Thank you. Our next question today comes from Michael Lasser with UBS.
Please go ahead.
Mr. Lasser, is this the operator or is it unmuted perhaps?
It was. I'm sorry. Good morning. Thanks a lot for taking my question. Two quick questions. First, if you look back at 2020, how was the overall promotional environment and how did that contribute to your gross margin dynamics, especially in the fourth quarter? And second, what is your expectation for the contribution from inflation in 2021 in light of the sharp rises in commodity input costs for pet food? Thank you very much.
So I'll front this and then Mike will tell this one. Thanks for the question. The good news is the promotional activity was severely backed off in 2020, which allowed us to, you know, do some of the margin offsets. Digital is a great example where expanded margins within our digital business. So promotional activity has been down. We don't see that more promotional pressure as we navigate into 2021. The other thing I would say is over half of our merchandise portfolio isn't sold at other places. So we have less promotional pressure than just about all of our competitors because we have much stronger mix in own brands and much stronger mix in exclusives.
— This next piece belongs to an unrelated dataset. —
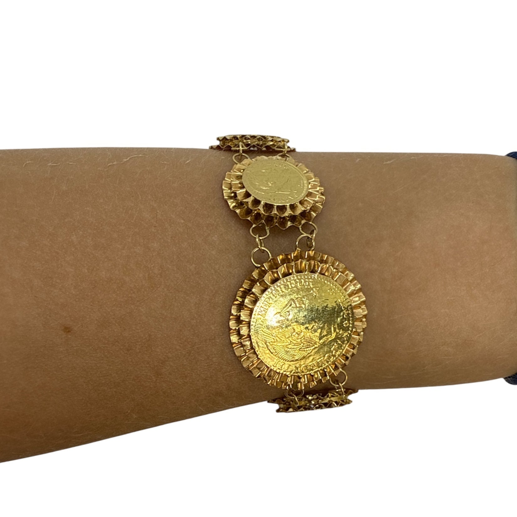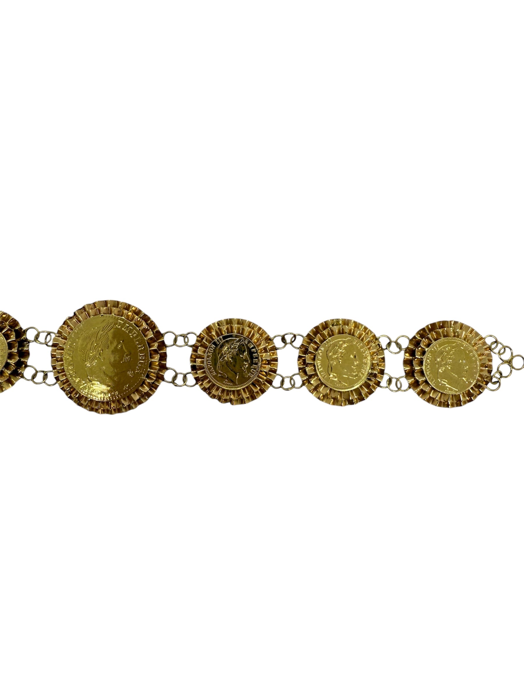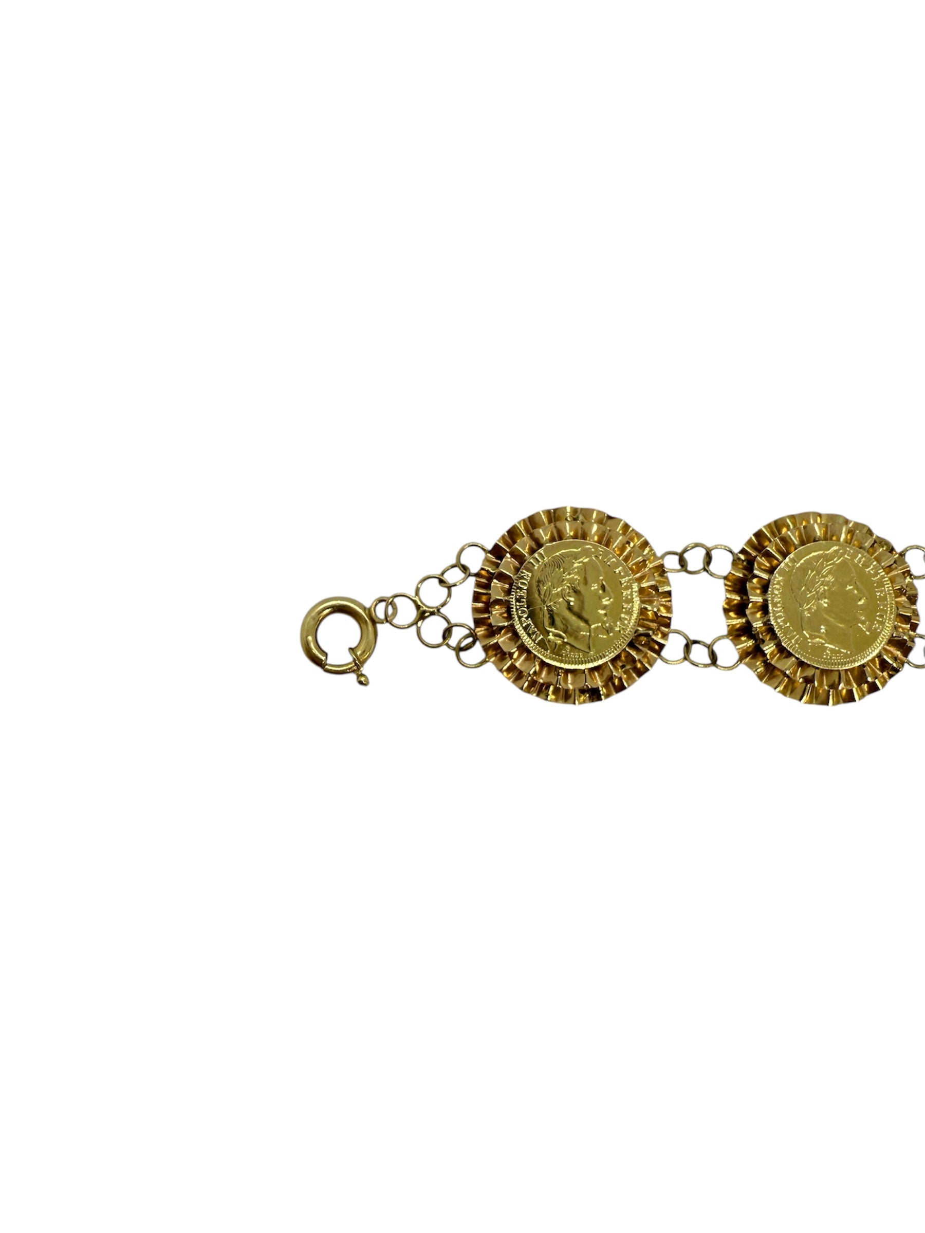 Bracelet de style Napoléon III, reproduction en or jaune 18 carats (750/1000), sans poinçon. Composé d’une maille jaseron large, il mesure 19 cm de long, 22 mm de large et 2 mm d’épaisseur, pour un poids de 10,48 grammes. Fermoir à anneau ressort. Une pièce élégante et distinctive, en très bon état.

We don't have that same promotional or commoditized pressure on our business. Where we really see pricing and promotions going is is on the back of the analytics build out that we did in the last year. We've spent time building a data infrastructure. We brought in analytics experts. We created a cross enterprise analytics group with some phenomenal analytics talent from outside. And now we're getting hyper-targeted at the individual customer level on what motivates them. And one of the examples right now is customers that we think would be prone to buy online, pick up in store. In that instance, they're doing the shipping for us. So we'll promote them into buy online, pick up in store. We see them turning into almost repeat delivery customers. So the long-term value of that customer is high. So we promote them into buy online, pick up in store, and then we increase our long-term value and obviously exponentially expand our margin as just one example. But I'll let Mike expand.
You've been migrating away from a heavily promotional environment in 2019 and 2020, so I can't say that we were meaningfully less promotional in 2020 related to 2019. I believe, as Ron was saying, that we don't really feel like we would have to be more promotional in 2021 for the very reasons that Ron was talking about. As far as input costs, we have not seen a broad-based substantial increase in input-related costs. historically, as you know, Michael, this has been a business where if there have been increases in input costs, they've been able to be incorporated into the pricing structure for us. But as of right now, we feel pretty good about how we're positioned from a pricing standpoint, how we're positioned from a manufacturing input pricing structure.
Awesome. Thank you so much, Inga Vuck.
Thank you.
Our next question today comes from Seth Sigmund with Credit Suisse. Please go ahead.
Hey, everybody. Thanks for taking the question, and congrats on all the progress. So you're exiting 2020 with significantly more customers than you started, and I'm just wondering, can you discuss the repeat behavior a little bit more? How have you been able to retain these customers to date? And I guess just given the recurring nature of your business, presumably that would support some higher level of baseline growth into 21? I'm just curious, how do you think about that?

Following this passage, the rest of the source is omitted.